- Opening Delimiter -

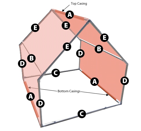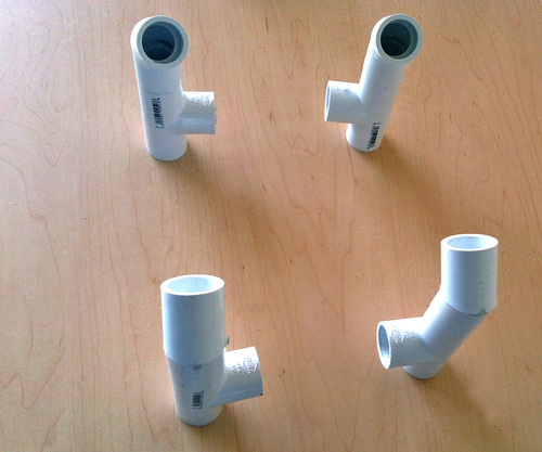 NOTE: PVC parts are designed to fit tightly in normal use. Since we need our frame to come apart in three places to slip on the fabric, and to disassemble completely for storage, we want it to come apart easily. We found it helpful to slightly lubricate the ends of the pipe with a lip balm or vaseline. No need to overdo it, just a light rubbing will make it easier to disassemble. - First assemble the angle fittings (which join pipes D and E). These parts will remain joined, so there is no need to lube them or to plan to take them apart.
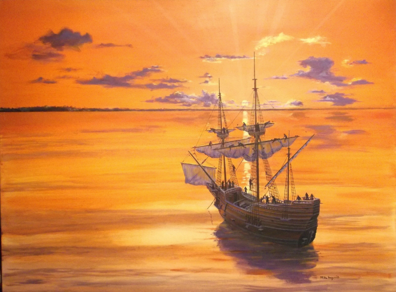 This image accompanied a message I received from the General Society of Mayflower Descendants (GSMD), of which I’m a member: The Mayflower Society wishes you a healthy and happy Thanksgiving! It’s an idealized view, glorious rays of sunshine and all, of a ship that brought saints and strangers, Puritans who came to be known as the Pilgrims, to their New World in 1620. For many Native Americans, Thanksgiving is a National Day of Mourning.
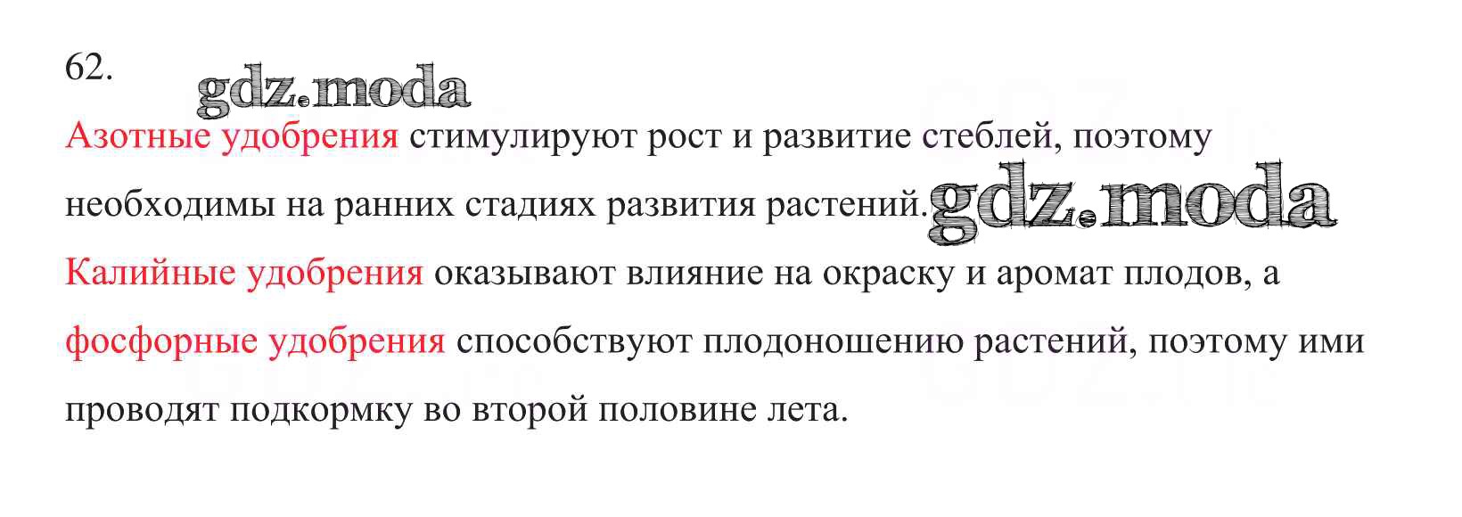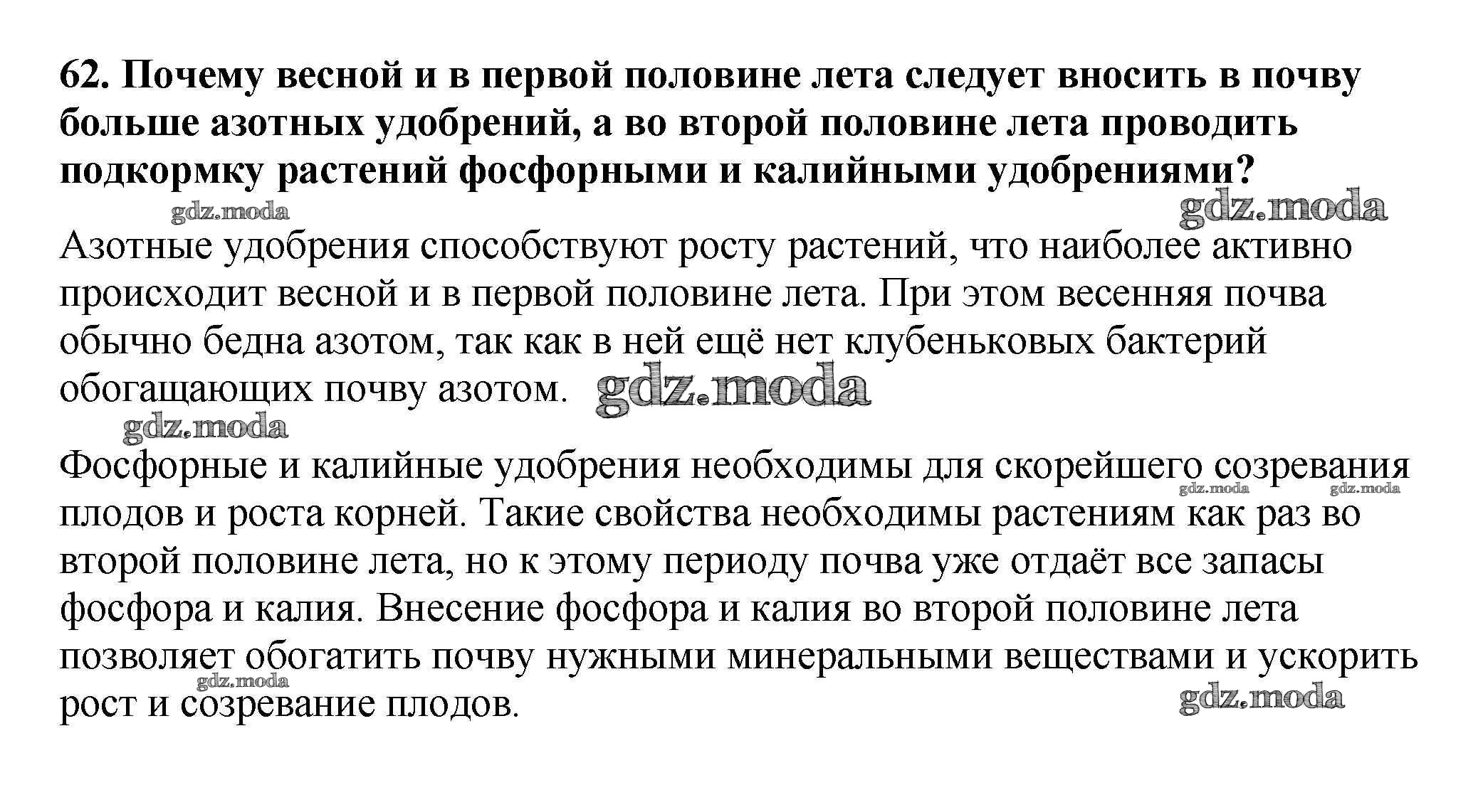 ОТВЕТ на задание № 62 Рабочая тетрадь по Биологии 6 класс Пасечник УМК

- Closing Delimiter -

DIRECTIONS FOR THIS TASK ▸ Give back the material word for word, without images.

RESPONSE AREA ▸
 NOTE: PVC parts are designed to fit tightly in normal use. Since we need our frame to come apart in three places to slip on the fabric, and to disassemble completely for storage, we want it to come apart easily. We found it helpful to slightly lubricate the ends of the pipe with a lip balm or vaseline. No need to overdo it, just a light rubbing will make it easier to disassemble. - First assemble the angle fittings (which join pipes D and E). These parts will remain joined, so there is no need to lube them or to plan to take them apart.
 This image accompanied a message I received from the General Society of Mayflower Descendants (GSMD), of which I’m a member: The Mayflower Society wishes you a healthy and happy Thanksgiving! It’s an idealized view, glorious rays of sunshine and all, of a ship that brought saints and strangers, Puritans who came to be known as the Pilgrims, to their New World in 1620. For many Native Americans, Thanksgiving is a National Day of Mourning.
 ОТВЕТ на задание № 62 Рабочая тетрадь по Биологии 6 класс Пасечник УМК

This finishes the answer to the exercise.